Today’s passage is Numbers 10:1-10. The Lord tells Moses to make two silver trumpets, which are to be used for calling people to meeting, for breaking camp and setting out, for going into battle, and for times of rejoicing over burnt offerings and fellowship offerings. Aaron’s sons are to blow them.
Trumpets
At my school today, the parents of our students came to talk to the teachers.
This is a hard time for everyone. For some teachers the time of waiting for the parents to come is very long.
For others there is no waiting at all, just an endless stream of parents! At noon I open the mic and call teachers to lunch.
I want to call them to prayer but I can only pray silently.
In today’s passage, the trumpet calls are used for everything, for meetings, for setting out to a new camp, for battle, and over sacrifices at festival times.
Although the trumpets are the same and the ones who blow them are the same, the purposes are different: to come, go, fight, remember.
In the midst of writing this, I am called away by my wife, who is downtown.
Come, she says. I get on the subway and meet her and a former church member whose son has run away.

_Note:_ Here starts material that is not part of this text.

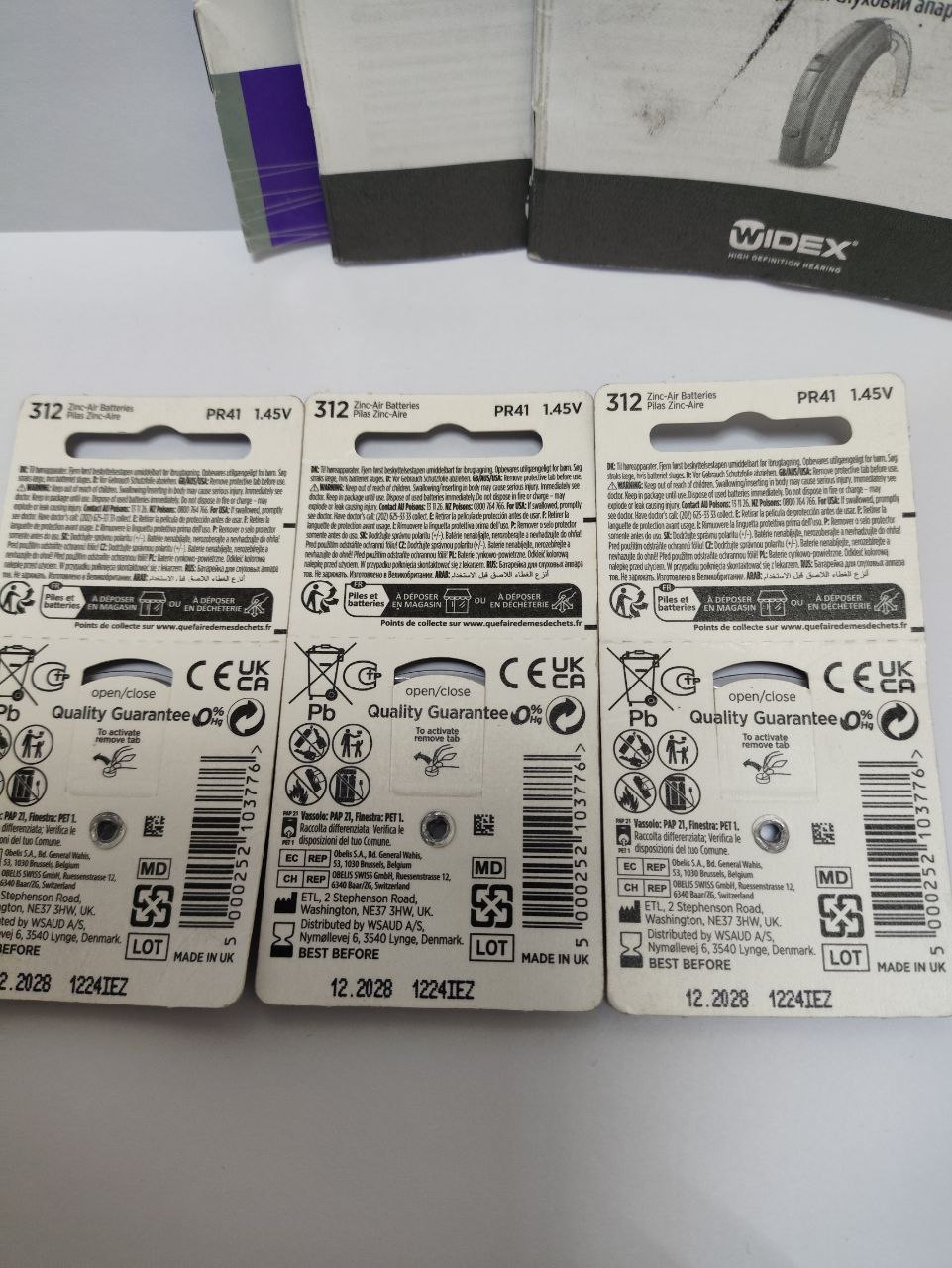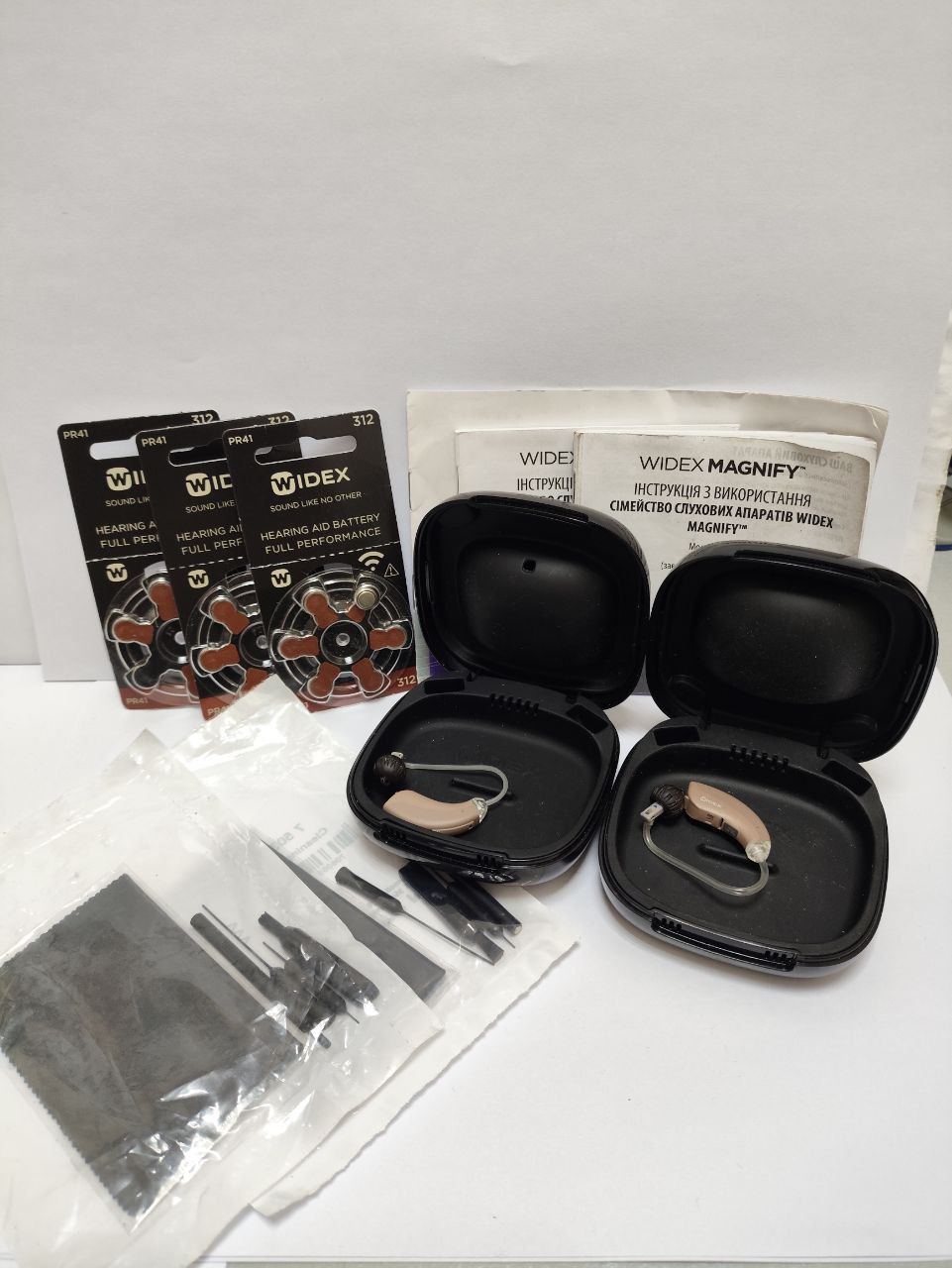 Батарейки, 2 слухових апарата, інструкція, серветки та щітки

The son is twenty and the father overbearing and twice-divorced, so perhaps the situation is no surprise.
But the father dreamed a terrible dream about his son last night and he needs to talk and repent.
My wife shares her testimony and I talk of my failings as a father. I say I treated my step-daughter and my biological children differently.
I explain that my step-daughter was given to me and I accepted her. But I felt I made my biological children and they were my possessions to control.
None of them went the way I wanted because none of them were me and they had to go their own way but I withheld my approval and my acceptance and they left me. This other father understands and says he is the same, a problem father. Like his son, he is alone.
We pray for acceptance of the situation and to wait on God. The father knows he must change.
When he does his boy will change too and return.
Lord, thank you for your call this evening. Thank you for showing me the depth of my sin against my children. Protect this man’s son and bring them both to salvation. Amen.